EXERCISE OBJECTIVE
Starting at the first line of the listing below, repeat each line up to and including the one containing "MK3 PIG STICKER". Leave out pictures.

PROVIDED DATA
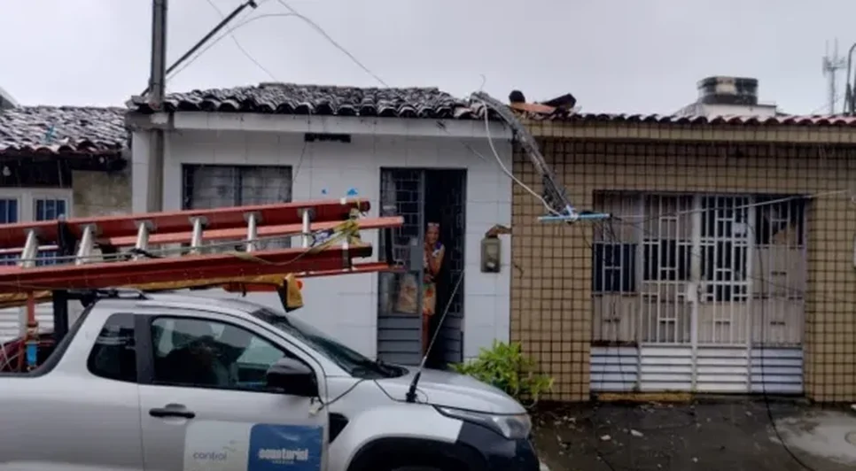 "Toda vez que esse caminhão-baú, que é bem alto, vem despejar material nestes prédios que estão construindo aqui, acontece isso. Ontem, inclusive, tava faltando energia na área por conta do acidente. E, até agora, continuamos sem energia. Estamos com medo de encostar na parede, porque fica passando corrente, além da chuva, que piora tudo", contou dona Loreta Feitosa, moradora da região.
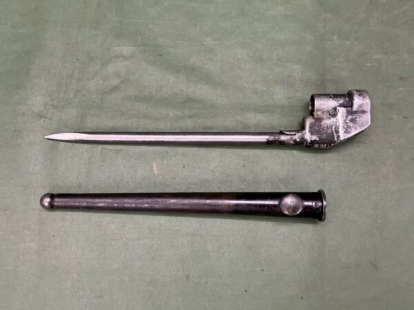 MK3 PIG STICKER BAYONET FOR THE LEE ENFIELD NO4 RIFLE WITH ITS UNIQUE SOCKET CASTING AND L MARK TO THE BLADE FOR LUCAS, COMPLETE WITH STEEL SCABBARD.
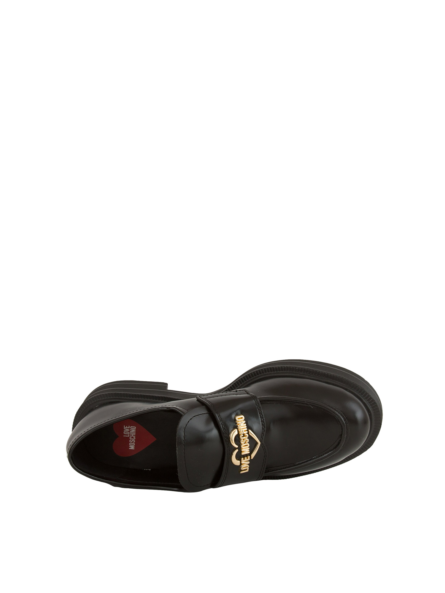 Brand: LOVE MOSCHINOMocassino donna Love Moschino in vitello spazzolato, logo Lettering con cuore spezzato in metallo e fondo in gomma dal volume importante. Altezza del tacco : 4 cm

OUTPUT FOR THIS TASK
 "Toda vez que esse caminhão-baú, que é bem alto, vem despejar material nestes prédios que estão construindo aqui, acontece isso. Ontem, inclusive, tava faltando energia na área por conta do acidente. E, até agora, continuamos sem energia. Estamos com medo de encostar na parede, porque fica passando corrente, além da chuva, que piora tudo", contou dona Loreta Feitosa, moradora da região.
 MK3 PIG STICKER BAYONET FOR THE LEE ENFIELD NO4 RIFLE WITH ITS UNIQUE SOCKET CASTING AND L MARK TO THE BLADE FOR LUCAS, COMPLETE WITH STEEL SCABBARD.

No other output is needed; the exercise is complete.